Lessons from FDA’s Breast Binder Warning Letters

In December 2025, the FDA issued warning letters to several companies selling breast binders and chest compression garments online.

The agency concluded that marketing claims on company websites, like statements about compressing breast tissue, relieving gender dysphoria, or supporting post-surgical recovery, positioned the products as medical devices under the Federal Food, Drug, and Cosmetic Act.

And because the firms had not registered their establishments or listed the products with FDA, the agency cited them for misbranding.

Product Marketing May Determine Its Regulatory Status

The episode illustrates a core regulatory principle: a product’s regulatory status is often determined by how it is marketed, not by how it looks.

Compression garments may appear to be ordinary apparel, but when claims suggest they treat a condition or affect the body’s structure or function, FDA may classify them as medical devices.

FDA May Face Legal Challenges

A recent legal analysis from industry attorneys at Hyman, Phelps & McNamara suggests the FDA may face challenges over the enforcement approach to breast binders.

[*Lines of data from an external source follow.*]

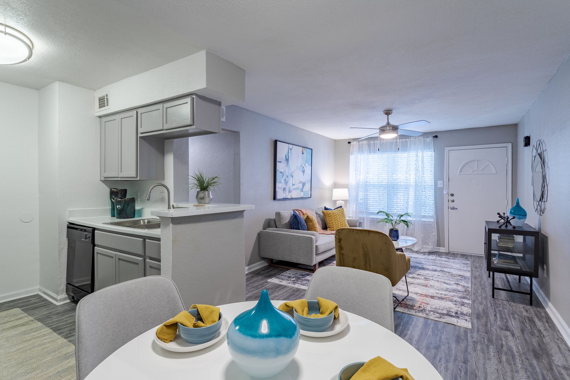 Quality standard amenities and many extra enhancements are what you will discover at Baystone Apartments in Webster, TX. We provide fully-equipped kitchens, central air and heating, a mirrored dining area, and two-tone paint, just to name a few!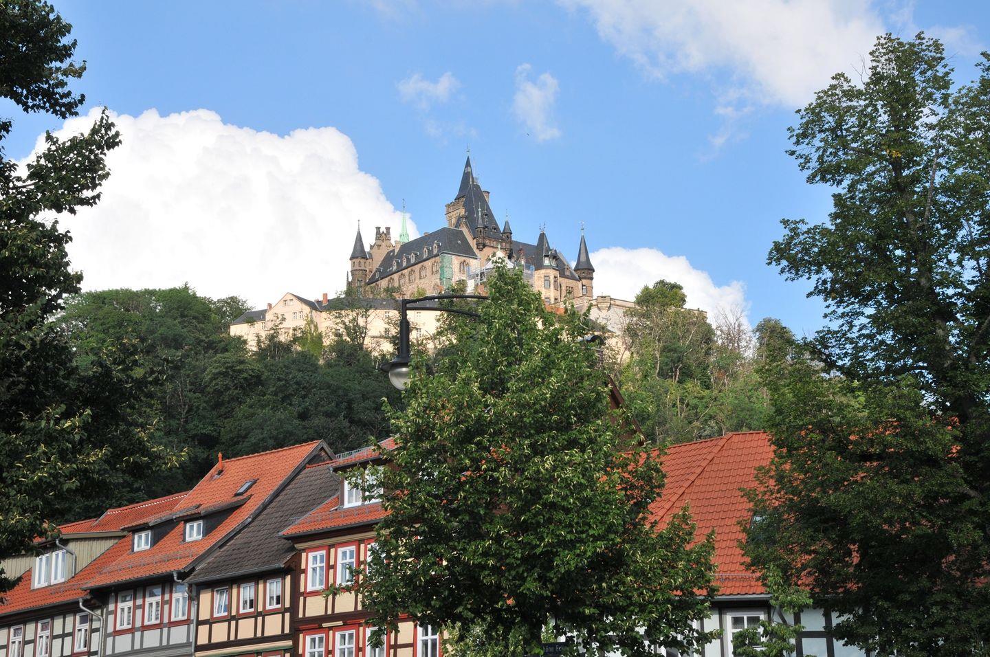 Zwei kostenlose Parkplätze mit Zugang zur Wohnung über den Innenhof stehen direkt auf unserem Grundstück zur Verfügung. Von hier aus haben Sie einen schönen Blick auf das nahe gelegene Wernigeröder Schloss.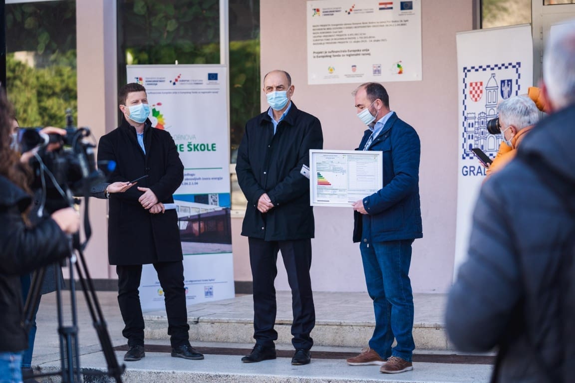 - S ovom energetskom obnovom očekuje se ušteda u potrošnji električne energije od 65 posto, a zgrada je iz energetskog razreda "C" prešla u razred "A". Također će škola s fotonaponskim modulom proizvoditi vlastitu električnu energiju, a ono što se ne potroši za potrebe škole vraćat će se u mrežu - kazao je Anto Krželj, voditelj projekta energetske obnove.

They note that the warning letters cite only a technical violation (failure to register and list) even though therapeutic binders would normally fall into the lowest-risk device category (Class I, 510(k)-exempt) which does not require establishment registration and product listings on the FDA website.

They also point out that under FDA’s own Regulatory Procedures Manual, warning letters are typically reserved for violations of “regulatory significance,” while registration and listing issues are often resolved through less formal communications.

In short, the attorneys argue that the enforcement action appears driven less by the technical violation and more by the marketing context surrounding gender dysphoria claims.

For manufacturers and retailers, the practical lesson is straightforward. Clothing can become a medical device if it is promoted as solving a health-related problem.

A Strategic Marketing Decision

Companies selling compression garments or similar products must make a strategic decision to market them strictly as apparel with non-medical claims or accept device status and comply with FDA registration and device listing requirements.

Either path can work, but drifting between the two can invite regulatory scrutiny.

Bottom Line

The warning letters appear to reflect a coordinated enforcement sweep, likely driven by systematic reviews of publicly available website claims. When multiple companies use similar language, particularly around conditions such as gender dysphoria, FDA can quickly identify patterns and apply the same regulatory logic across many sellers at once.

The broader lesson is that regulatory status is often a function of messaging. FDA doesn’t need a product to “look medical” to treat it as a device. A company’s marketing claims can do that for them. For companies selling compression garments or similar products, the key decision is strategic. Either remain clearly in the consumer apparel space by avoiding medical or condition-based claims or accept device status and comply with the associated regulatory requirements.